See this for an illustration: https://www.evl.uic.edu/ralph/508S98/gif/rightx.gif

shivaniraochepuri21 commented 1 year ago

Thank you @vincentzhang and @pseudo-rnd-thoughts. Counterclockwise seems correct. Here, the upright position is considered as 0 degrees. Assuming no friction at the hinge, how to obtain/derive the dynamic equations considered in the pendulum.py environment? which are as follows:

$state = \left[ \theta, \dot{\theta} \right]$ $d \theta = \dot{\theta}$ $d \dot{\theta} = \ddot{\theta} = (3g/2l) * \sin(\theta) + (3u/ml^{2})$

We may have to use lagrangian but I am not able to obtain the equation considered in the gym pendulum environment. Here is what I did to derive the equations. Please correct me anywhere.
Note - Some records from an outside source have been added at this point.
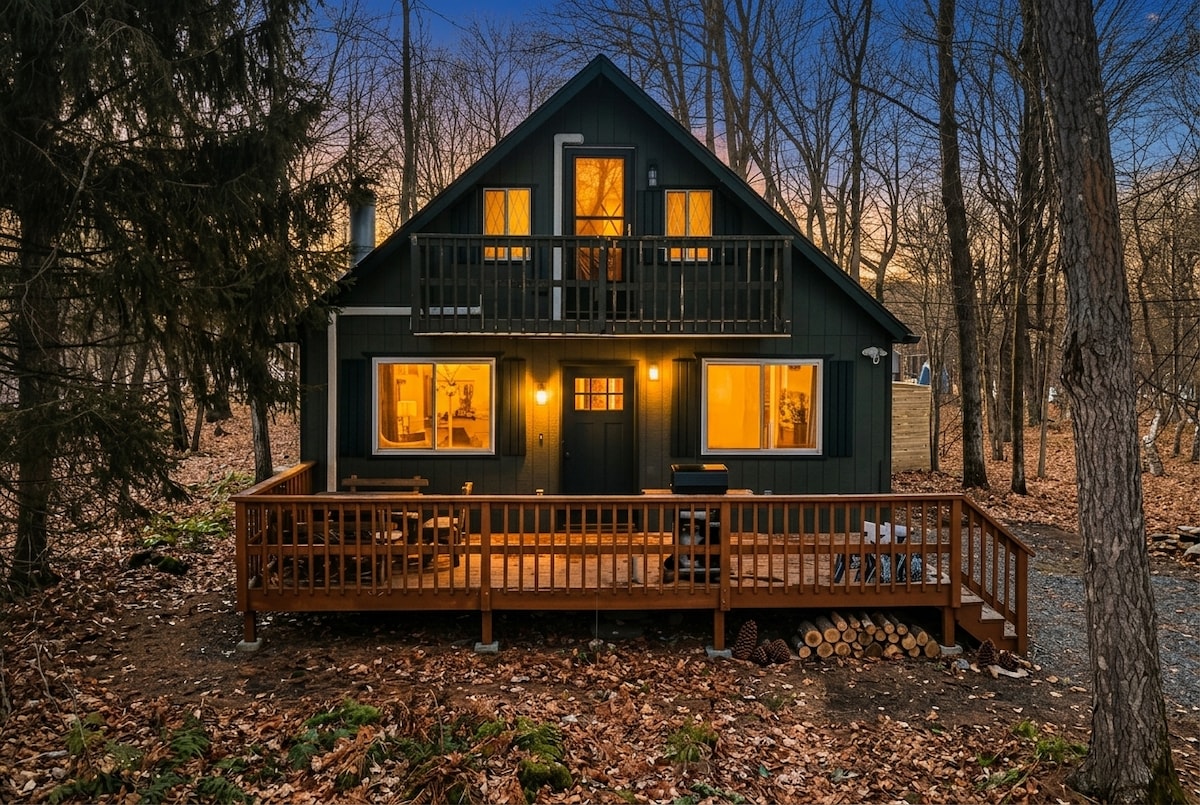 Escape to Bear Rock on Birch — a private Pocono retreat backing to State Game Lands. Soak in the hot tub under the stars, gather around the firepit, or relax by the fireplace after a day at the slopes or lake. This modern 4BR, 2.5BA home sleeps 8 and is dog-friendly. Enjoy the king suite, open layout, and wraparound deck surrounded by trees. Minutes to skiing, hiking, and dining — perfect for a cozy winter escape or spring reset.
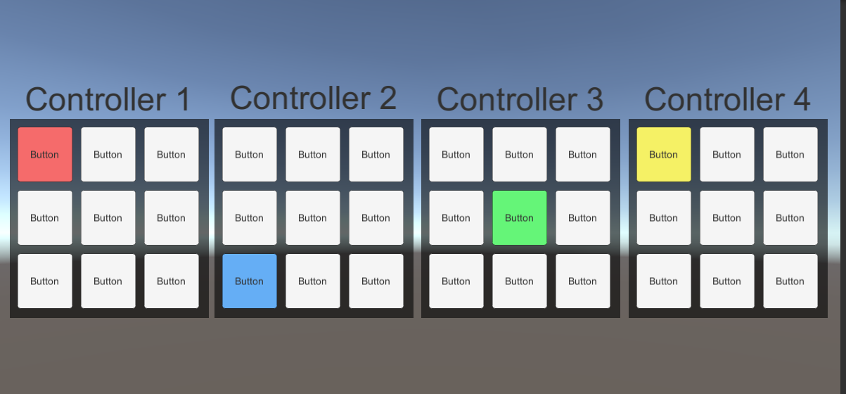 Each player input script then needs to be assigned to a X_Input module and the custom event system needs a button assigned to be the first selected button for each UI panel.
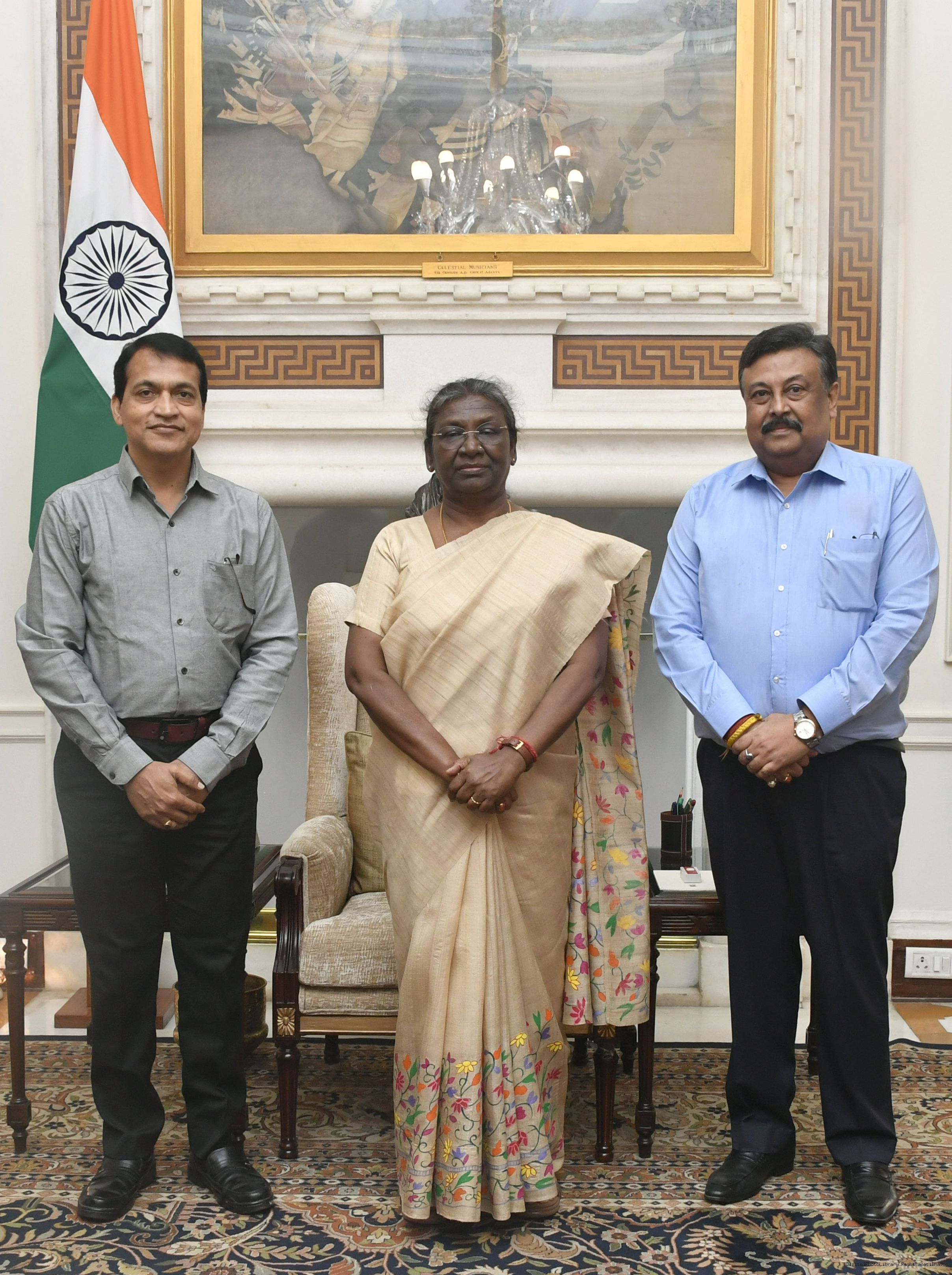 Shri Subrat Mishra and Shri Saugata Mitra from Rairangpur meeting with the President of India, Smt. Droupadi Murmu, at Rashtrapati Bhavan on Nov 08, 2022.
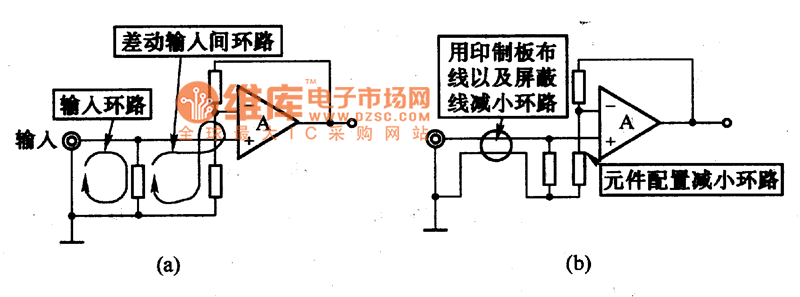 The picture (a) is the loop composed of one circle coils of the op-amp amplifier circuit input end.The magnetic will feel the electric potential when it flows through the loop and there will be noise in op-amp output part.Therefore, we need to pay attention to the components configuration and wiring,anti-noise ability can be strengthen by reducing the area of the loop, and it is shown as figure (b).
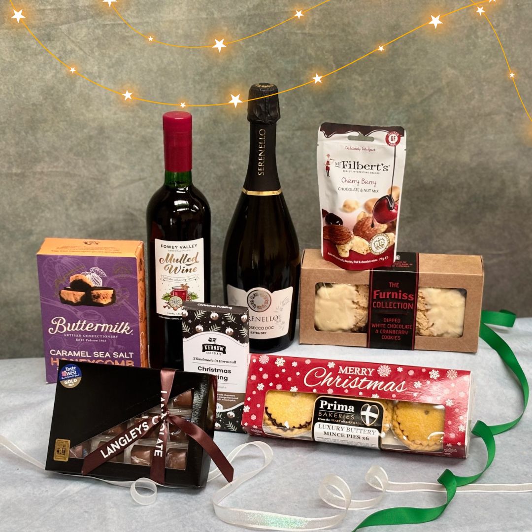 Celebrate the season in style with our festive gift box — featuring mulled wine, Prosecco, artisan chocolates, honeycomb, cookies, and more. Perfect for gifting or indulging. This hamper comes with FREE weekday delivery across the UK and a handwritten gift card.
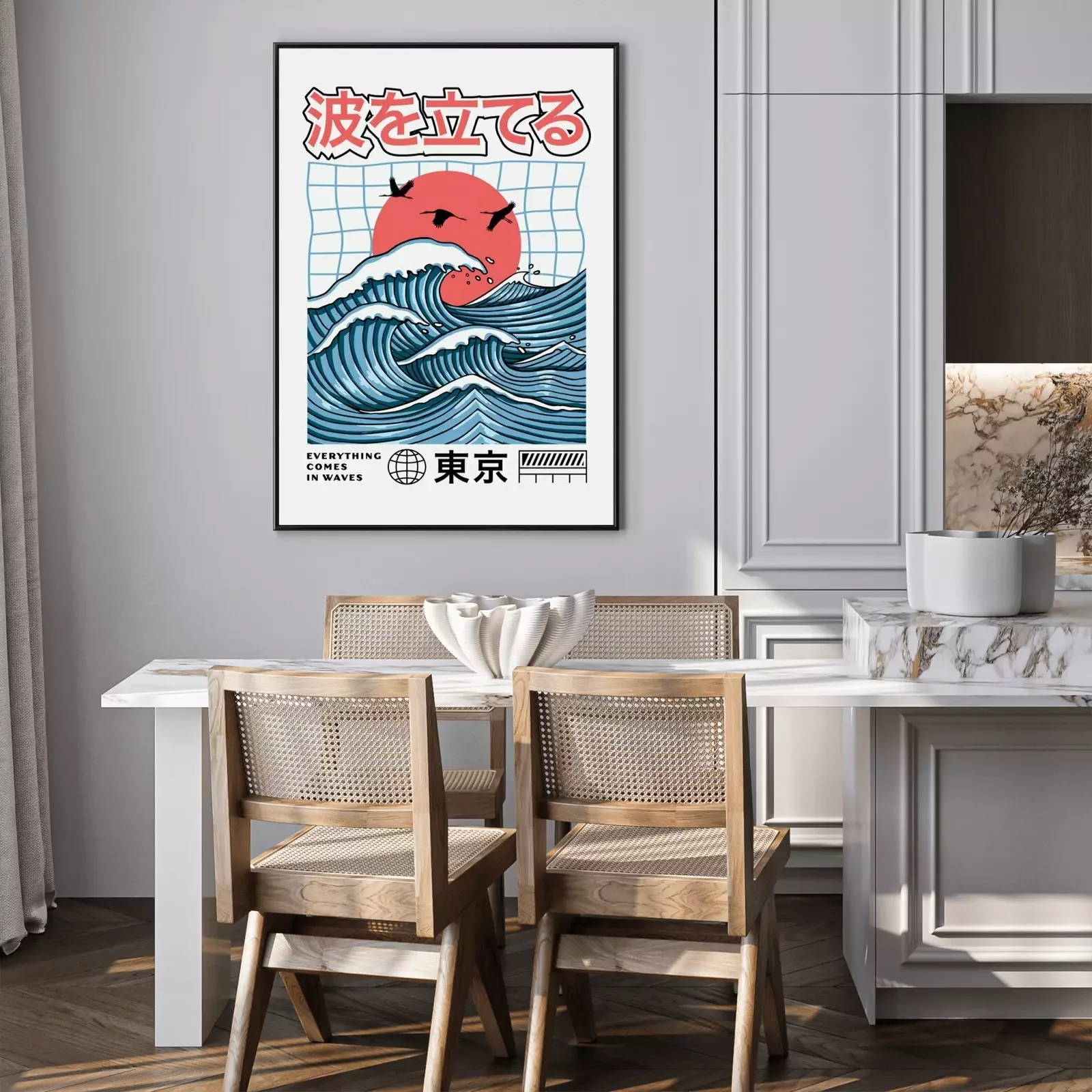 Poster  Big waves with the red sun. Vector graphics for t-shirt prints, posters and other uses. Japanese text translation: Make Waves(above), Tokyo(below).

let $m$ be the mass, $l$ be the length of the pendulum let $x, y$ be the coordinates of the free end of the pendulum, theta is the angle made by the free end in counter-clockwise direction about the fixed end. Let $M$ be the moment of inertia about the fixed end of the pendulum which is

$state = \left[ \theta, \dot{\theta} \right]$

Here, $\theta$ is some angle made by the pendulum in anti-clockwise direction and let this be in the 2nd quadrant(quadrant system also in the anti-clockwise direction)

$M = (1/3)ml^2$

Then, $x = l \sin(\theta)$, $y = l \cos(\theta)$

Lagrangian $L = (1/2)mv^2 + (1/2)M \dot{\theta}^2 - PE$

As the pendulum is going toward its equilibrium position (180 degrees) from the initial position (0 degrees), work done decreases as y decreases. So PE is positive (considering the angle made by the pendulum from the equilibrium position which is $180 + \theta$, and height( $l \cos(\theta)$ ) in 3rd and 4th quadrants as negative, 1st and 2nd quadrants as positive. 1st quadrant is the top right one. Because of this height PE is positive)
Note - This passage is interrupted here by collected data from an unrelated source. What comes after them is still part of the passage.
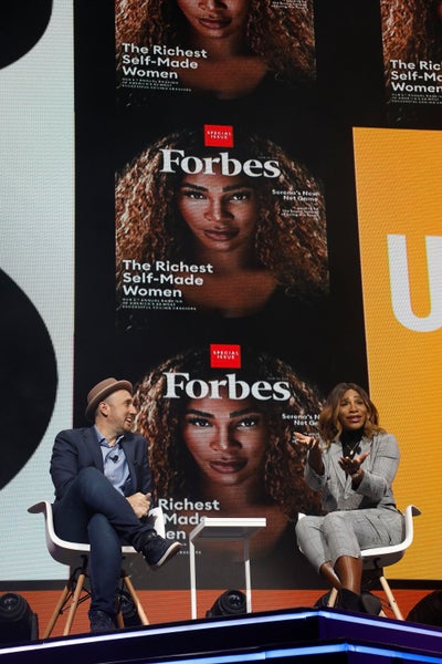 Yesterday afternoon, Forbes opened the biggest theatre room at Masonic Temple (previously where the concert was Monday night) for a very special guest, Serena Williams. While her chat was originally scheduled for 1:30 p.m., Williams was stuck in London and made it to the venue around 5:45 p.m. “I really wanted to be here. I didn’t want to miss this,” the Grand Slam champ expressed.
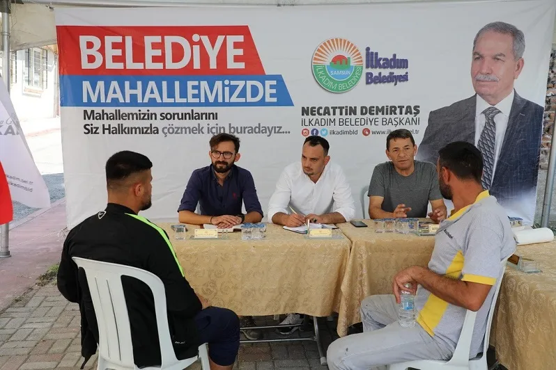 İlkadım Belediye Başkanı Necattin Demirtaş tarafından gerçekleştirilen Belediye Mahallemizde hizmet çadırı İlkadım’da hizmete hız katıyor.“Yerinde hizmet, yerinde çözüm” anlayışıyla ilçe genelinde belirlenen program dahilinde kurulan hizmet çadırı mahalle sorunlarına çözüm oluyor. Belediye Mahallemizde iletişim çadırına gelen vatandaşlara tansiyon, şeker ölçümleri gibi öncelikli sağlık hizmeti sunuluyor. Her biriminden yetkililer bulunduğu hizmet çadırı, Fevzi Çakmak, İlyasköy, Kışla, Fatih mahallerinde sonra Rasathane Mahallesi’ne mahalle sakinlerinin belediyeden talep ettikleri hizmetleri yerine getiriyor.
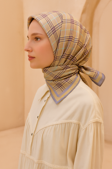 Belli Tivil Saf İpek Eşarp 4218 - 06 Yeşil Ekose Desen
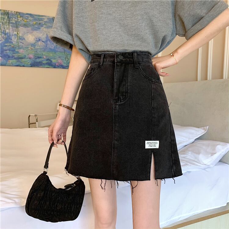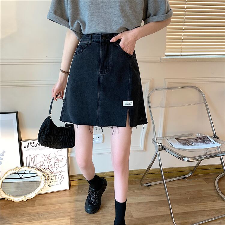 ブラックスカート サマーAラインハイウェストウェストスリットショート 夏物 s576140656312201
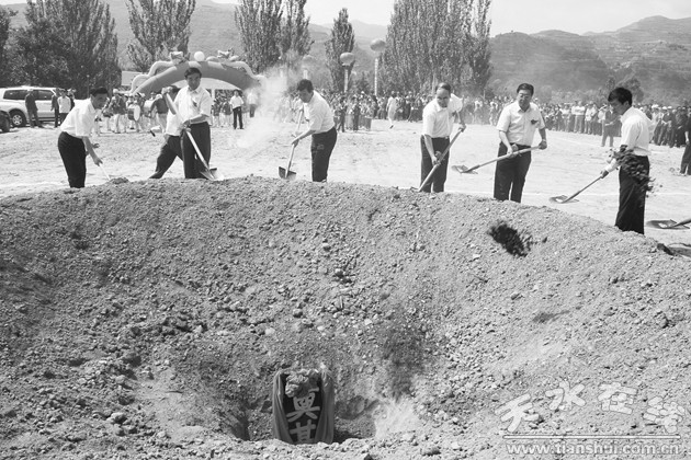 6月19日,雨過天晴,風(fēng)和日麗。市政協(xié)援建王家門小學(xué)啟動儀式隆重舉行。這一天,距離地震發(fā)生僅僅過去37天。這是震后全市第一所開始重建的小學(xué),是全體市政協(xié)委員向受災(zāi)學(xué)生獻(xiàn)出的一份充滿愛心的禮物。市委、市人大常委會、市政府主要領(lǐng)導(dǎo),市政協(xié)機(jī)關(guān)全體干部職工,部分市政協(xié)委員,市直有關(guān)部門負(fù)責(zé)人,秦州區(qū)委、區(qū)政府、區(qū)政協(xié)負(fù)責(zé)同志,藉口鎮(zhèn)和王家門村全體村民參加啟動儀式。在啟動儀式上,為了充分體現(xiàn)群眾意愿,由王家門小學(xué)全體師生、王家門村全體村民采用現(xiàn)場投豆(黃豆)表決的方式,從設(shè)計(jì)院設(shè)計(jì)的兩套建設(shè)方案中選擇一套進(jìn)行施工建設(shè),當(dāng)現(xiàn)場宣布按照全體村民和師生自主選擇的設(shè)計(jì)方案進(jìn)行建設(shè)時(shí),大家報(bào)以熱烈的掌聲。

$PE = mgl \cos(\theta + 180) = -mgl \cos(\theta)$

and $v^2 = \dot{x}^2 + \dot{y}^2$

Using the euler-lagrangian equation: (do correct if anything is wrong) $\frac{d}{dt} [(\frac{d}{ d \dot{\theta} } (L)] - \frac{d}{d \theta} (L) = u$ ----- eq (1)

and

$L = (2/3)m(l^2) * (\dot{\theta}^2) + mgl \cos(\theta)$

$\dot{\theta}$ is obtained as follows:

$\dot{\theta} = \frac{3u}{4ml^2} - \frac{3g}{4l} * \sin(\theta)$

Sorry about the possible inconsistency in notation. I am doubtful about the PE but either way (that is, $-mgl \cos(\theta)$ or $mgl \cos(\theta)$ ), I don't get the equation same as the one in gym. Please help me with this.

Thanks IA

RedTachyon commented 1 year ago

I went through the math in Pendulum like... a year ago? Anyways, it checked out, it's possible you'll find my derivation somewhere in old issues on this repo, though I'm not sure if I put it here in its entirety. I don't think I needed to use a Lagrangian, just regular solid body mechanics, but I don't have the capacity right now to go through your derivation. If you triple-check it and are confident that there's an issue with the implementation, please write it up with LaTeX syntax/rendering so that it's easier to parse, and I can go through it again.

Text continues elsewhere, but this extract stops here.